KGF review: The movie is just a star vehicle

KGF review: You admire the striking cinematography, and the brown and sepia colours which suffuse the screen in this Yash film. But there’s really nothing more. Beat, punch, slap. Dialogue. Rinse, repeat.

  • 1.5
kgf movie review
KGF review: This film is fashioned solely as a vehicle for the leading man.

KGF movie cast: Yash, Srinidhi Shetty, Achyuth Kumar, Anant Nag
KGF movie director: Prashant Neel
KGF movie rating: One and a half stars

KGF stands for the Kolar Gold Fields. Part one of the two-part period actioner (it starts in the early 50s) cuts back and forth from a present-day TV studio where the story of a great hero is being recounted by an old man (Nag), and to the Kolar Gold Fields, where the main action unfolds.

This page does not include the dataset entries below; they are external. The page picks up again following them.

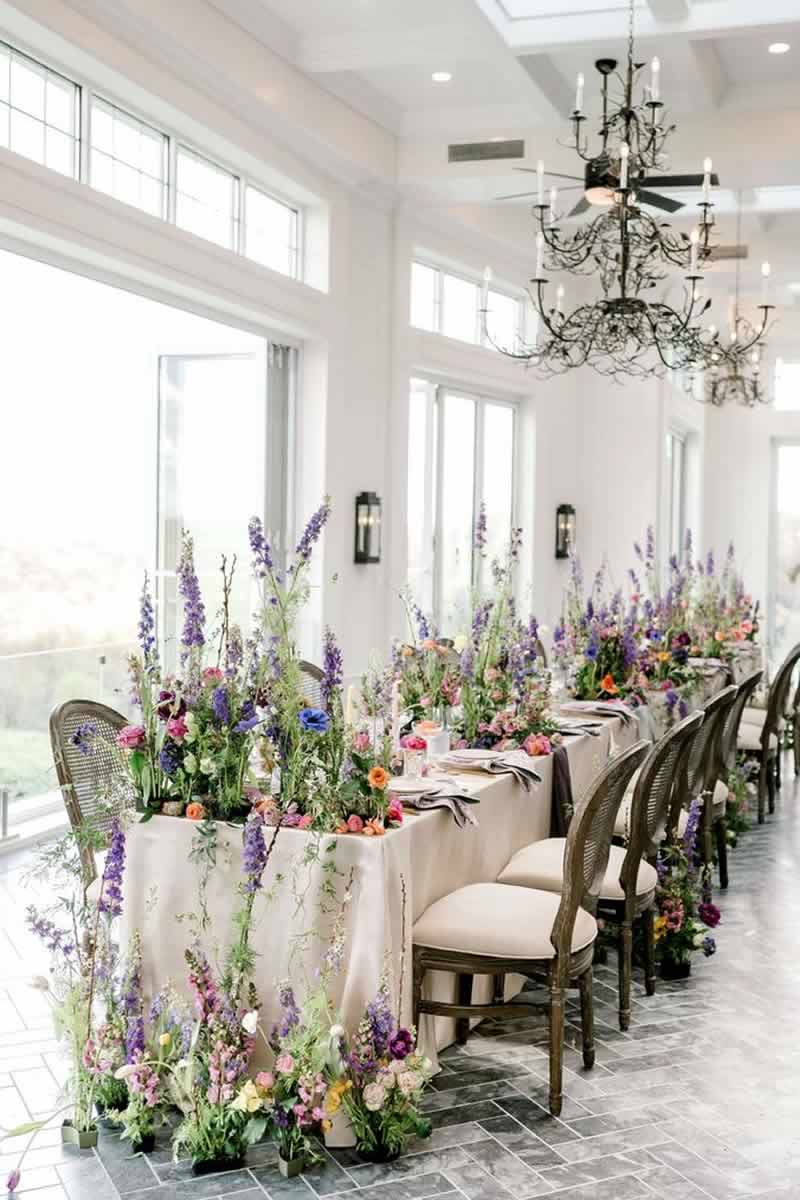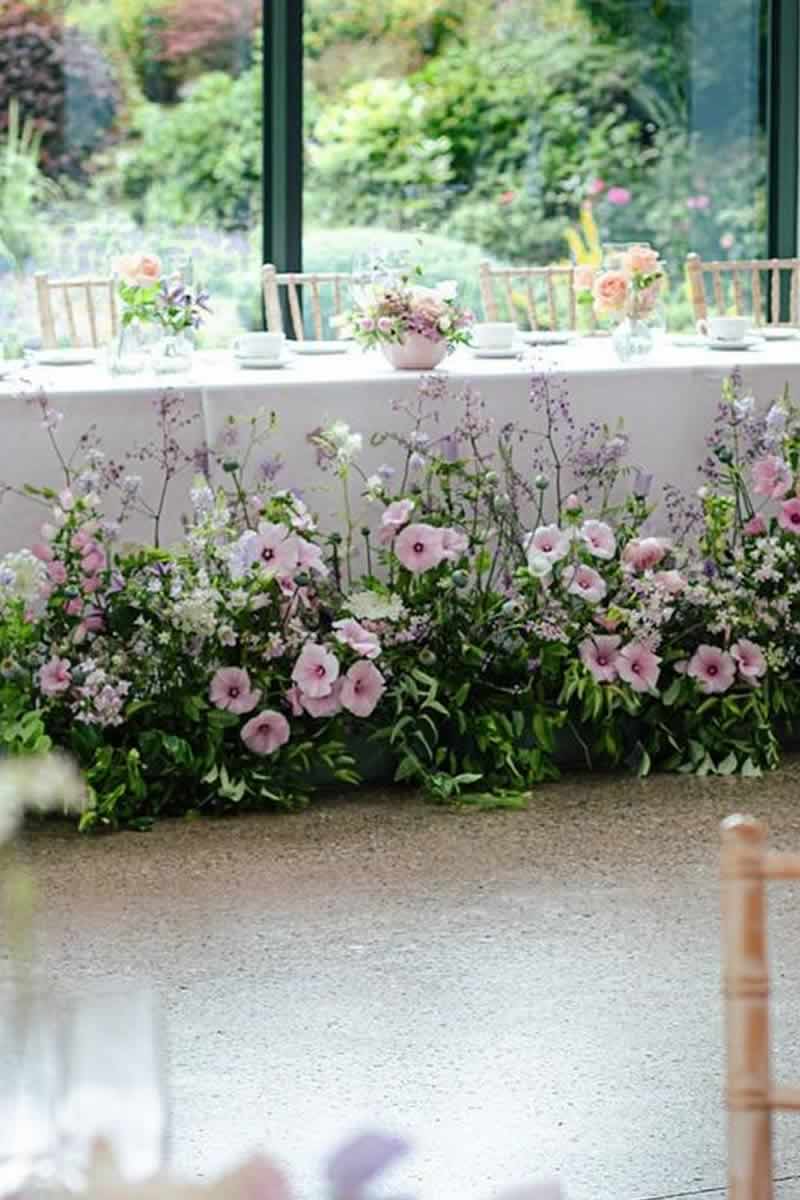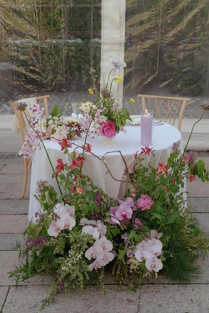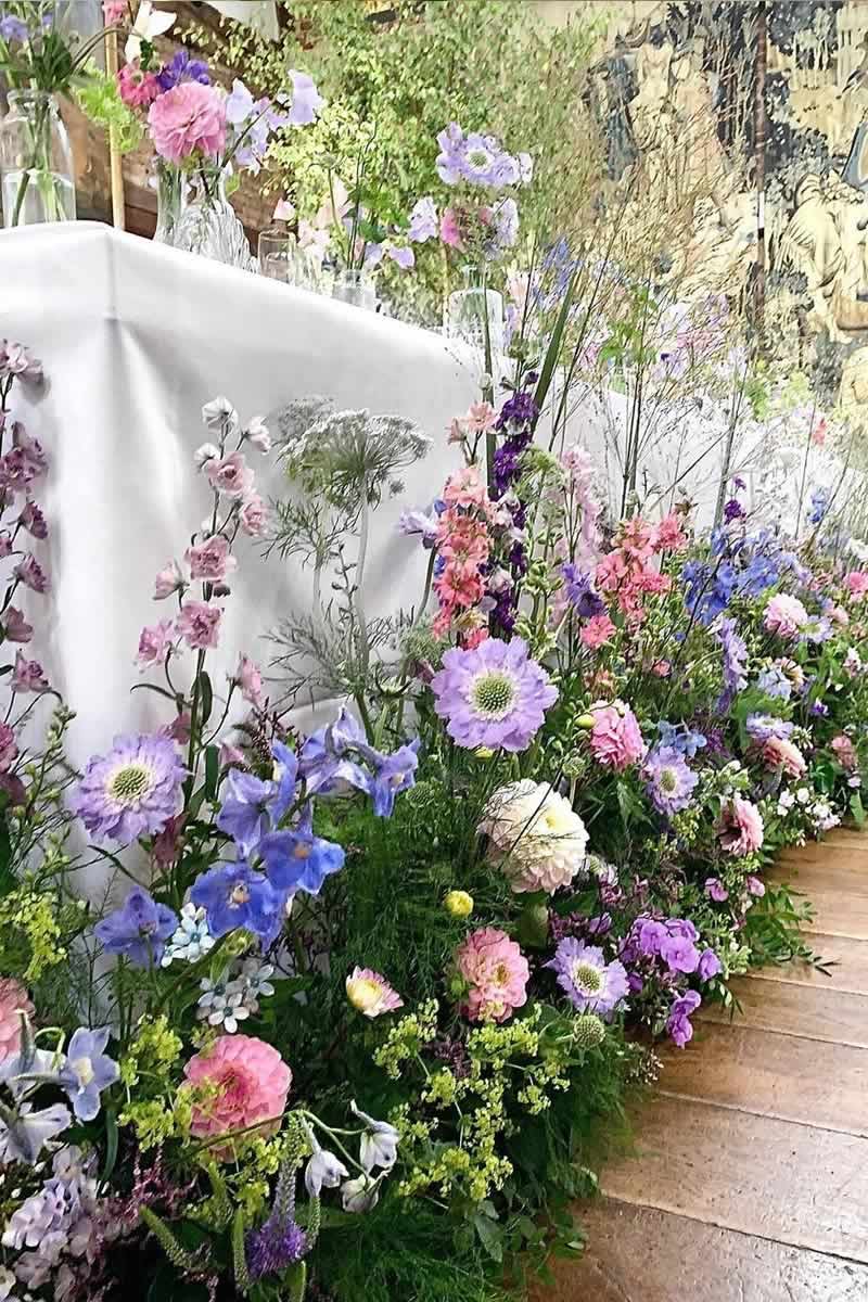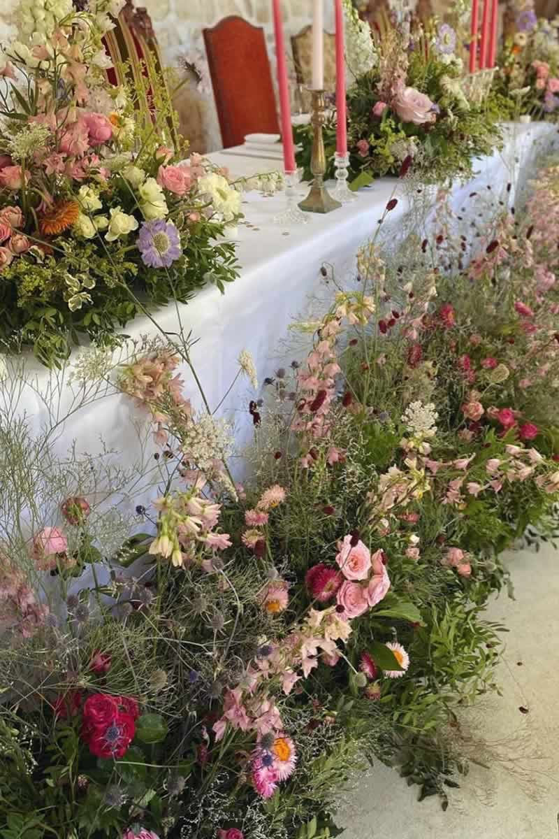 Esa modalidad donde parece que las flores están «plantadas» y crecen directamente desde el suelo se conoce técnicamente como meadow arrangement, arreglo de pradera o flores de piso. Aporta una sensación de abundancia y frescura, como si la boda se estuviera celebrando en un jardín secreto, incluso si es en un salón cerrado.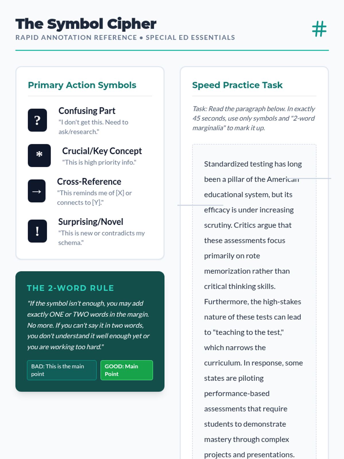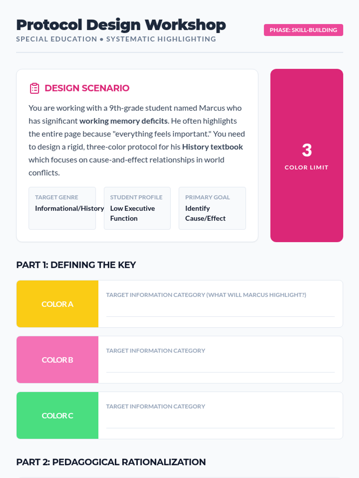 This sequence equips pre-service teachers with evidence-based frameworks for teaching text interaction to students with executive function deficits. It moves from cognitive science foundations to the practical design and assessment of systematic annotation protocols.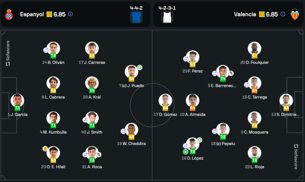 ดิเอโก้ โลเปซ ของบาเลนเซียคือผู้เล่นยอดเยี่ยมในเกมนี้ ด้วยการทำประตูสำคัญและการมีส่วนร่วมในเกมรุก คะแนนรวม 7.6 ถือเป็นหัวใจสำคัญของทีม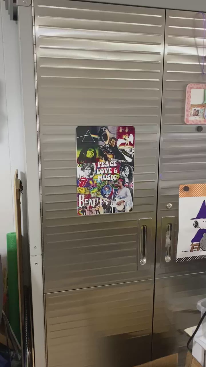 Decorate your space with the legendary symbols of peace, love, and music with our decorative aluminum sign. Crafted with a love for music and an appreciation for rock legends, this sign will add a touch of nostalgia to your home or music room. Made with durable aluminum for long-lasting display.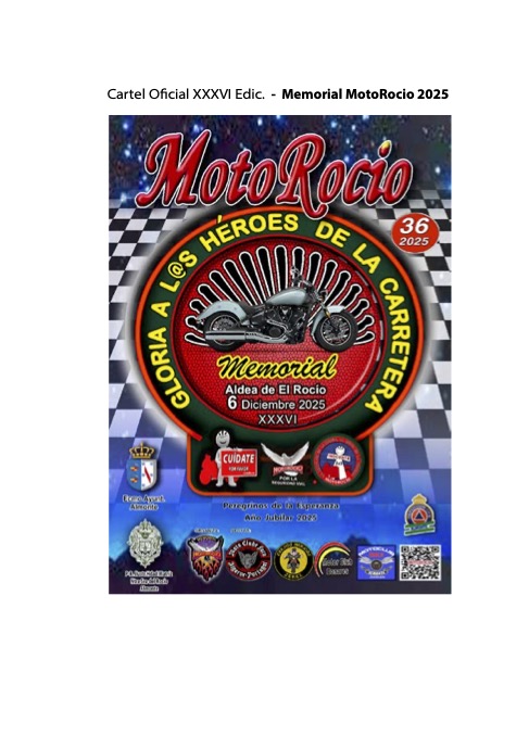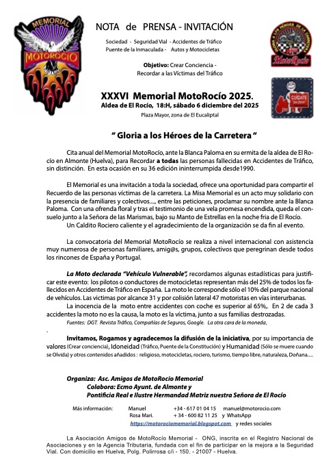 Cita anual del Memorial MotoRocío, ante la Blanca Paloma en su ermita de la aldea de El Ro- cío en Almonte (Huelva), para Recordar a todas las personas fallecidas en Accidentes de Tráfico, sin distinción. En esta ocasión en su 36 edición ininterrumpida desde 1990.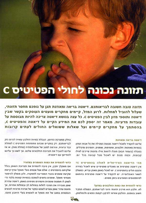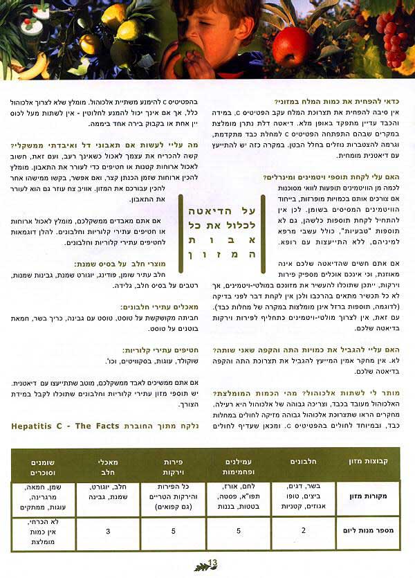 תזונה נכונה לחולי הפטיטיס C  הסברים לגבי התזונה היעילה והבריאה ביותר לחולי הפטיטיס C עלים 10 מרס 2001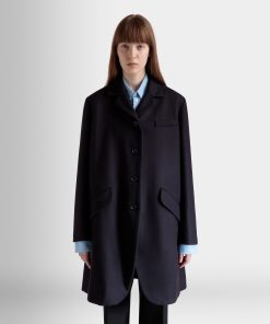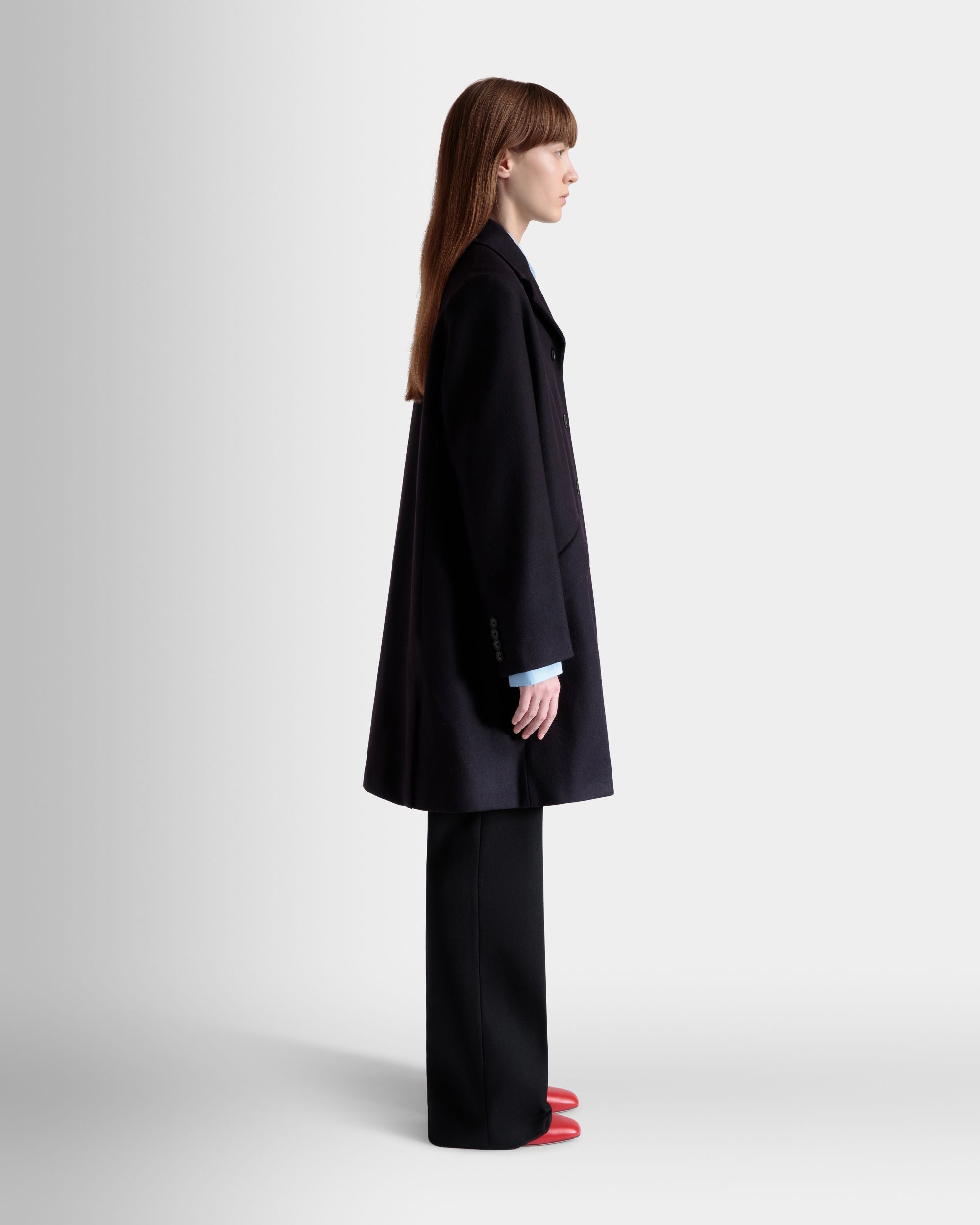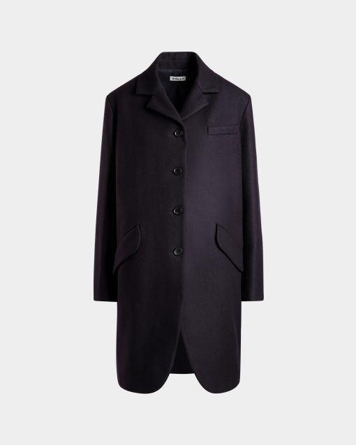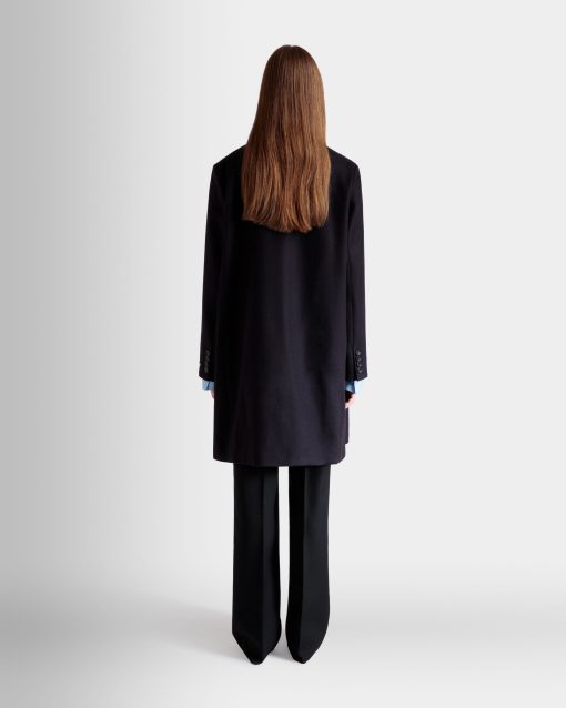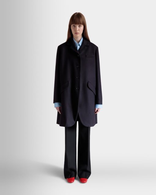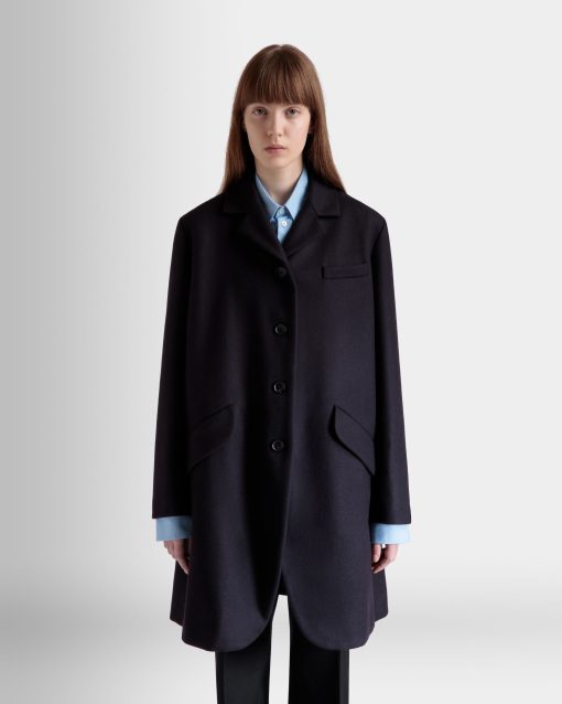 Bally Women’s Single-breasted Midi Coat In A Navy Blue Wool Blend | Blue

But you can safely ignore all these inconvenient details because the film is fashioned solely as a vehicle for the leading man to shake his long locks, glower attractively, and wade into rows and rows of growling rivals with whatever he can lay his hands on: hammers, swords, guns, petrol cans, lighters. Bodies fall, blood sprays out of orifices, and the death count piles up: the film takes its action tag very seriously indeed.

The first half pans out like all those scores of films (Nayakan, Deewaar, Parinda) in which poverty-stricken little boys fetch up in Bombay (it wasn’t yet Mumbai) to make something of themselves. Rocky (Yash) learns the hard knocks of life, and claws his way to the attention of the mob bosses who lord over the city, keeping the wires humming between the gold mines and the sheikhs in the Middle East.

Advertising

The second half is when the real film starts. The gold mines are guarded by a family and their armed beasts with bad teeth, who starve and beat the suffering workers into submission. Cruel overlords, human sacrifices, blind old men: there’s something ancient and Biblical about these mines, and the cries of the prisoners, and the violence being wrecked on them.

And then Rocky gets going. He is invincible. He can take on hundreds of bad guys without breaking a sweat. He also behaves badly with a young miss (Shetty), just as generations of leading men have, with impunity, and marks her for his own.

You wince at that. You admire the striking cinematography, and the brown and sepia colours which suffuse the screen. But there’s really nothing more. Beat, punch, slap. Dialogue. Rinse, repeat. Yash looks capable while slashing and punching, and it helps that he has barely anything to say.

The lines may sound better in the original. In Hindi, some of them are howlarious. ‘Bambai mein ek taraf samundar hai, toh doosri taraf Rocky’. And this one, ‘If you think I’m bad, I’m your dad’. Or words to that effect.